산화물 환원법으로 제조된 BixSb2-xTe3 분말의 열전특성

Abstract

This study investigated the change of thermal and electrical properties of BixSb2-xTe3 (x=0.00, 0.14, 0.40, 0.64) prepared by an oxide reduction process and then sintered by spark plasma sintering. Thermoelectric materials that are composed of p-type antimony telluride, which are suitable for low-temperature power generation and cooling, were successfully obtained through Bi-alloying, which suppresses extrinsic conduction at elevated temperatures by decreasing hole concentrations and material band gaps. Furthermore, Bi-alloying in antimony telluride reduced the thermal conductivity at 298K and 323K. Bi contents in BixSb2-xTe3 sintered body indirectly analysed by vegard’s law through XRD result data.
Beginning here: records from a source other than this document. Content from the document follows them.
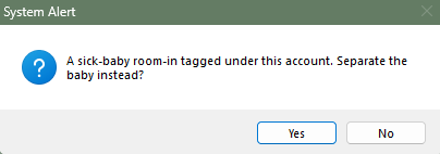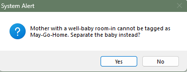 2. The system will prompt a validation message. If YES, tagging of discharge will not procced unless baby room-in will be separated from the mother's room. If NO,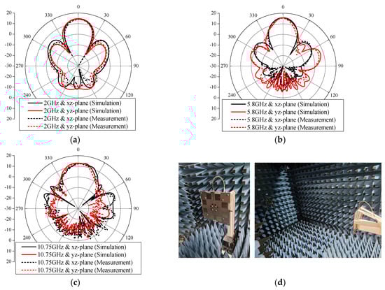 Comparison of the simulated and the measured radiation patterns at the frequency of (a) 2 GHz, (b) 5.8 GHz, (c) 10.525 GHz, and (d) photograph of the measurement setup inside the far-field anechoic chamber.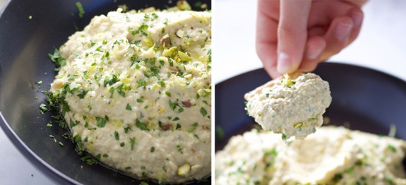 Para servir, ponlo en un platón, rocía con un chorrito de aceite de oliva extra virgen, la ralladura del limón, la menta picada y los pistachos.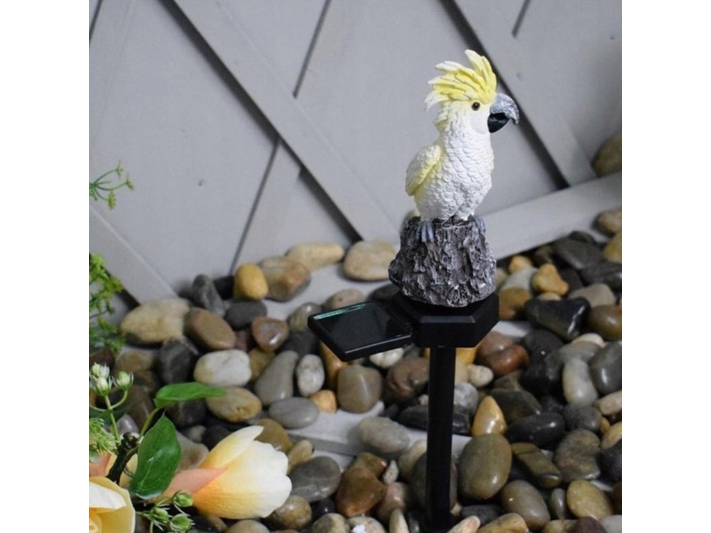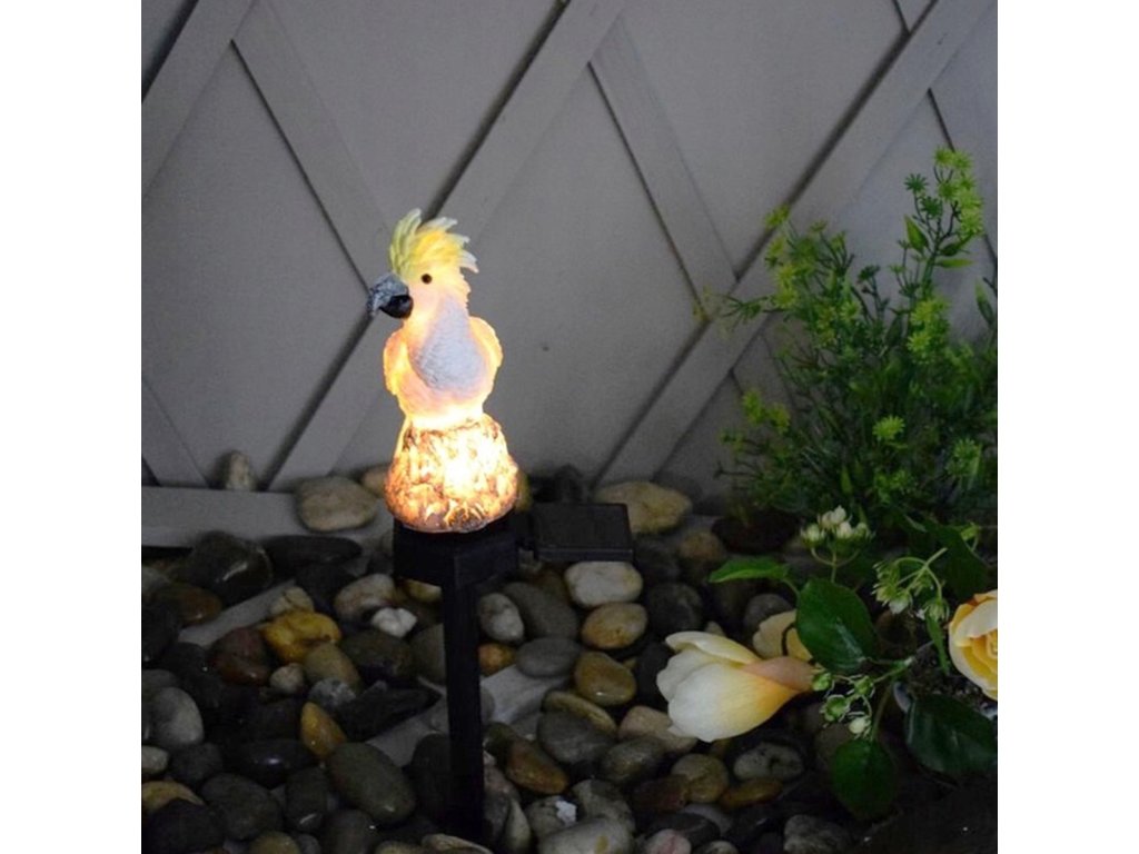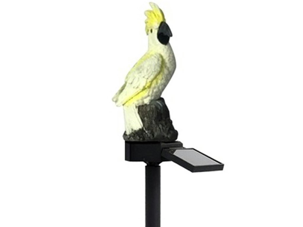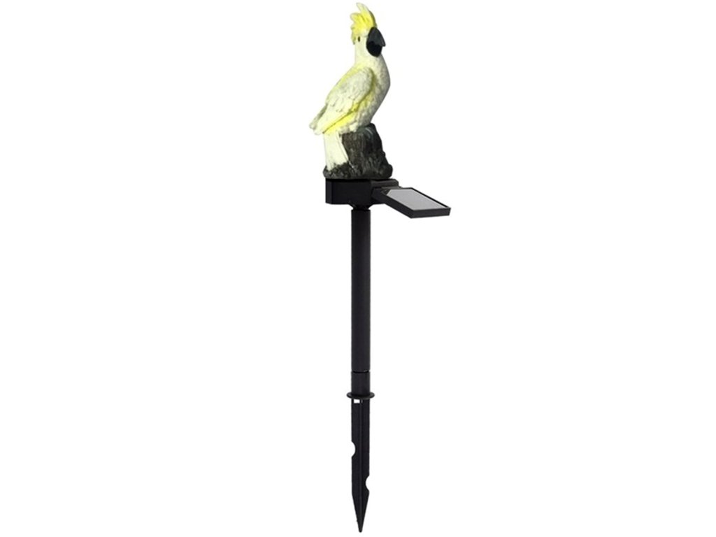 Neobvyklá, solární LED zahradní lampa ve tvaru papouška kakadu. Dokonalý dekorativní prvek. Lampa je na solární pohon, který využívá solární panel k nabíjení vestavěné baterie. Zařízení se automaticky zapne při setmění (je vybaveno soumrakovým senzorem) a plně nabitá baterie vystačí až na 8 hodin nepřetržitého provozu. Lampa má LED diodu, která vydává bílé světlo. Silný hrot umožňuje rychlou a bezpečnou instalaci lampy do země, zatímco vodotěsné pouzdro zaručuje bezproblémové použití bez ohledu na povětrnostní podmínky.

Electrical properties of BixSb2-xTe3 sintered body was appraised at Seebeck coefficient and Electrical resistivity using a ZEM-3 equipment. Seebeck coefficient and Electrical resistivity increased at the room temperature by decreasing the carrier concentration with increasing Bi contents. Thermal conductivity of BixSb2-xTe3 sintered body decreased at 298K and 323K reducing the electrical thermal conductivity, lattice thermal conductivity with increasing Bi contents. The maximum figure of merit(ZT) obtained was 1.21 at 323K for the Bi0.4Sb1.6Te3 sample.